Sobald ich den Würfel jedoch vorher drehe, ist die gedrehte Ansicht danach (natürlich) nicht mehr erhalten, habt ihr eine Idee? Oder gibt es einen einfacheren/besseren Ansatz?

Vielen Dank!


----------



## Illuvatar (15. Dez 2006)

Ich weiß nicht wie dein Code aussieht, aber müsste es nicht möglich sein, aus Drehung und Scale 2 verschiedene TransformGroups machen, wo dann das eine nicht durch das andere beinflusst würde?

Oder du machst vor Zeile 20 mal targetTG.getTransform(trans).


----------



## Guest (16. Dez 2006)

Illuvatar hat gesagt.:
			
		

> Oder du machst vor Zeile 20 mal targetTG.getTransform(trans).
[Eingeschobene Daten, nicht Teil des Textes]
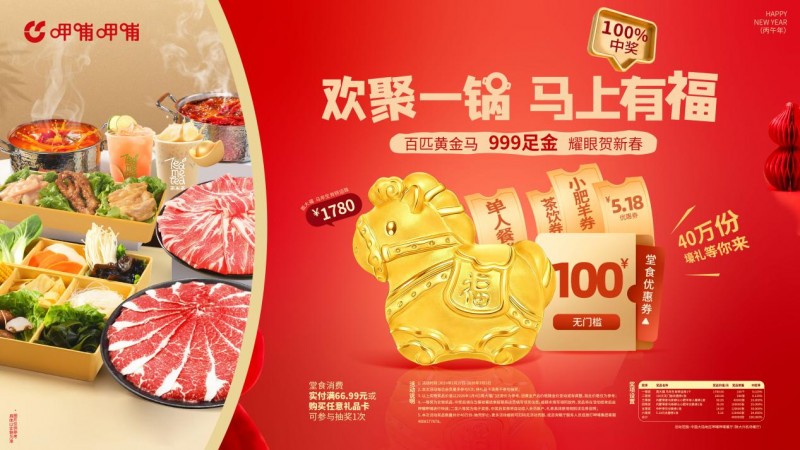 围绕春节氛围,呷哺呷哺打造了一系列主题活动,以趣味性与仪式感打动消费者。呷哺呷哺与呷哺牧场于1月27日至正月十五,共同开启“欢聚一锅,马上有福”主题活动,聚焦会员福利,会员堂食满一定金额或购买礼品卡,即可参与抽奖,一等奖为马年生肖转运珠,为新春增添吉祥寓意;“金砖开运,好运加马”活动则结合呷哺呷哺特色酱料推出限定福利,全国限量发售马年金砖酱料礼盒,包含多种经典特色酱料,礼盒内暗藏限量定制呱呱乐,将酱料消费与好运互动相结合,为家庭团聚增添惊喜感。2月10日至16日,呷哺呷哺还推出“心动呷哺玫好食光”情人节主题活动,活动期间到店消费情人节双人套餐,即可获赠玫瑰大福一份,相关套餐同步在美团、抖音两大平台上线。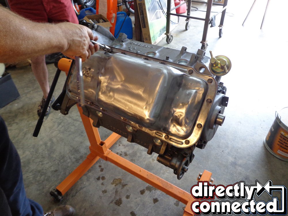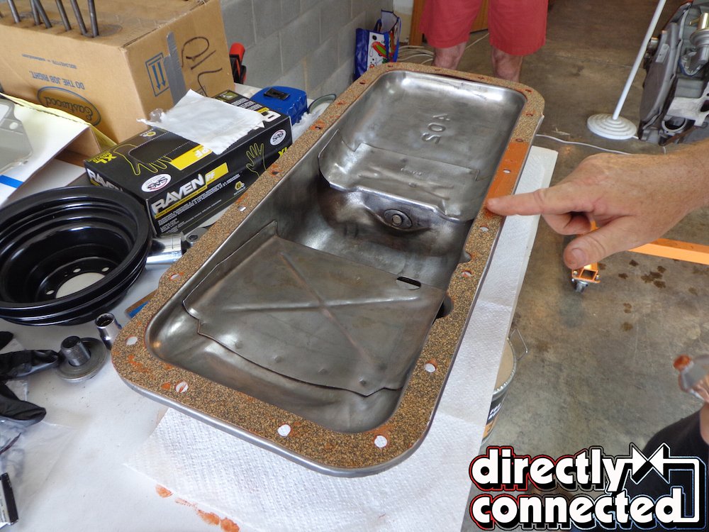 The windage tray and oil pan require two gaskets. Cork gaskets were on this engine originally so use them since they do show after installation. Use Red high temp RTV and spread a light coat on the engine block. Place one gasket in the engine and then coat it with a thin layer of RTV. Place the windage tray next. Coat the oil pan with a layer of RTV and place gasket on pan. Then apply another layer of RTV to the gasket. Place the pan on block. Install pan bolts, note the correct head marking, and snug them all down. Let set for five minutes and tighten each one until you see the gasket start to swell towards the outside of the pan do not tighten any further or you will split the cork gasket.

Hey super, vielen Dank! Jetzt bleibt die Dreshung erhalten. Vielleicht kannst du mir noch mal helfen:
mein ZoomOut klappt, d.h. mein Würfel wird schrittweise immer kleiner. Beim ZoomIn hab ich allerdings Probleme, obwohl meine Berechnung in meinen Augen stimmen müsste, wird auch hier der Würfel immer kleiner. Im Moment führe ich beide Fälle nur getrennt voneinander aus, also nur reinzoomen oder nur rauszoomen nicht erst rein, dann wieder raus etc.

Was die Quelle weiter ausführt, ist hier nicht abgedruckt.